Со временем этот дом кое в чем станет домашним: где-то коврики, электрика и сантехника получше, цвет стен, не нарушающий Женевской конвенции, картины, фотографии, эстампы, мягкое освещение, книги по искусству, сложенные стопками на столах и полках, покрывала, не кинутые, а сложенные ровными квадратами на диванах и креслах, возможно, настоящий камин в углу. Со временем все возможное превратится в реальное. Он заведет себе подружку или не заведет. Неожиданно купит машину или, скорее, не купит. Наконец, что-то сделает со сценарием, который уже больше десяти лет высасывает из него душу. (Душа — единственное, чему нужно распыляться, чтобы сконцентрироваться.) Теперь, когда больше не нужно щадить деда, Джейкоб перестанет писать библию и вернется к самому сценарию. Он отнесет его кому-нибудь из продюсеров, что интересовались его текстами, когда он еще мог показать, над чем работал. Давно это все было, но они наверняка его еще помнят.

Было много причин хранить сценарий в запертом ящике стола, а не только ради того, чтобы пощадить чувства близких. Но теперь, когда терять стало нечего, даже Джулия увидит, что его сериал — это не попытка убежать от семейных неурядиц, а искупление, контрибуция за разрушенную семью.

Израиль не погиб — по крайней мере, в буквальном смысле. Он остался еврейским государством с еврейской армией, а его границы после землетрясения сдвинулись на какие-то пяди. Бесконечно кипели дебаты о том, насколько эти новые границы хороши для евреев. Хотя американские евреи неслучайно предпочитали формулировку для израильтян. И это, по мнению израильтян, было плохо для евреев.

Израиль ослаб, но его враги ослабли и того больше. Разгребая бульдозерами свои руины, не особо утешишься мыслью, что враг разгребает свои руками. Но все же это хоть какое-то утешение. Как сказал бы Исаак, "могло бы быть и хуже". Нет, он бы сказал: "Это и есть хуже".
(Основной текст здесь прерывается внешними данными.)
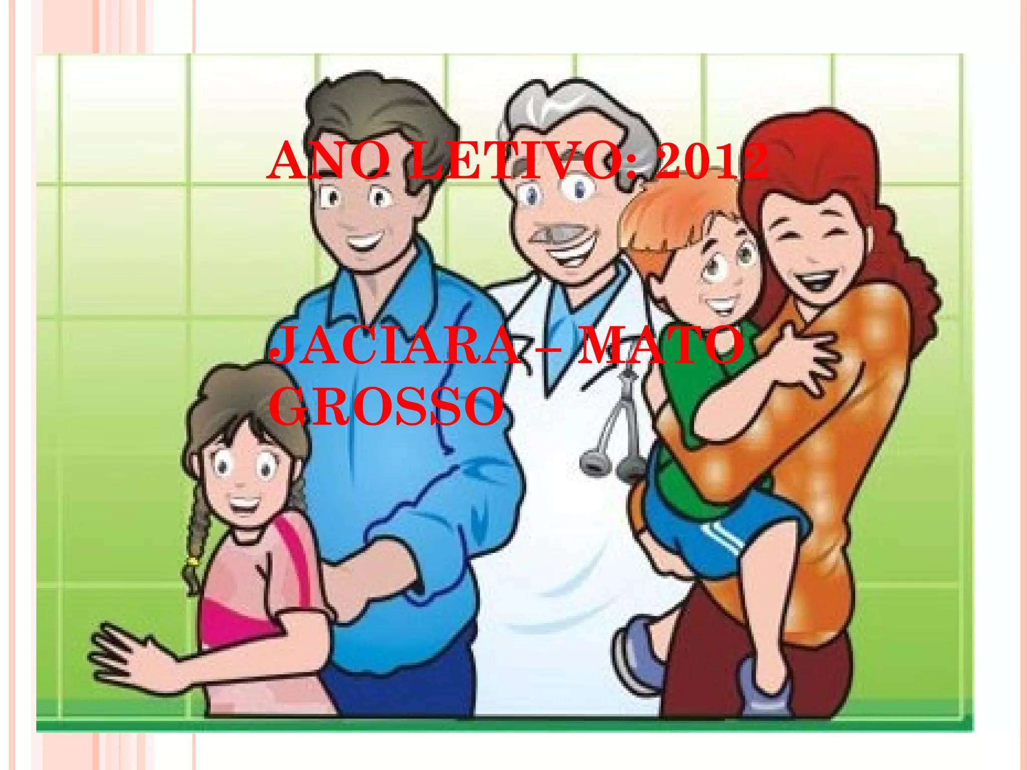O documento resume um projeto desenvolvido por professoras do 1o ano do ensino fundamental em Jaciara, Mato Grosso, em 2012. O projeto teve como objetivo principal conscientizar os alunos sobre a importância da saúde, promovendo bons hábitos de higiene através de atividades lúdicas e visitas a locais de saúde da região. As professoras utilizaram diversos recursos e realizaram avaliações contínuas para verificar o sucesso do projeto em atingir seus objetivos.

Возможно, он был прав. Возможно, выжить и впрямь хуже, если, чтобы продолжать быть, нужно убивать сам повод быть. Не то чтобы американским евреям стало все равно. Они по-прежнему приезжали в Израиль в отпуск, на мицвы и искать себя. Они вздрагивали, когда вода Мертвого моря впервые касалась их порезов и царапин, вздрагивали, когда гимн Израиля, "Хатиква", впервые касался их сердец, засовывали сложенные бумажки с просьбами в развалины Стены Плача, рассказывали о хумусных в узких переулочках, о том, как тревожат звуки дальних ракетных разрывов, морщились, неустанно восторгались зрелищем евреев-мусорщиков, евреев-пожарных и евреев-бездомных. Но чувство, что ты приехал, наконец нашел место успокоения, что ты дома, исчезало.

У некоторых из-за того, что они не могли простить Израилю его действия во время войны — даже резню-другую простить было бы легче, чем полный и демонстративный отказ от ответственности за судьбы неевреев — отзыв войск, полиции и спасателей, складирование гуманитарной помощи, которой так не хватало везде, не предоставление оборудования и машин, продуктовые карточки даже там, где продовольствия в избытке, блокаду гуманитарных конвоев в Газу и на Западный берег. Ирв — чей ежедневно обновляемый блог, прежде лишь изредка воспалявшийся, превратился в бурный поток провокаций — защищал каждый шаг Израиля: "Если бы в беде была не страна, а семья, никто бы не осудил родителей за то, что они не раздают направо и налево еду из холодильника и лекарства из аптечки. Всякое случается, особенно когда ваши любящие смерть соседи смертельно вас ненавидят, и нет ничего неэтичного в том, чтобы заботиться в первую очередь о своих детях".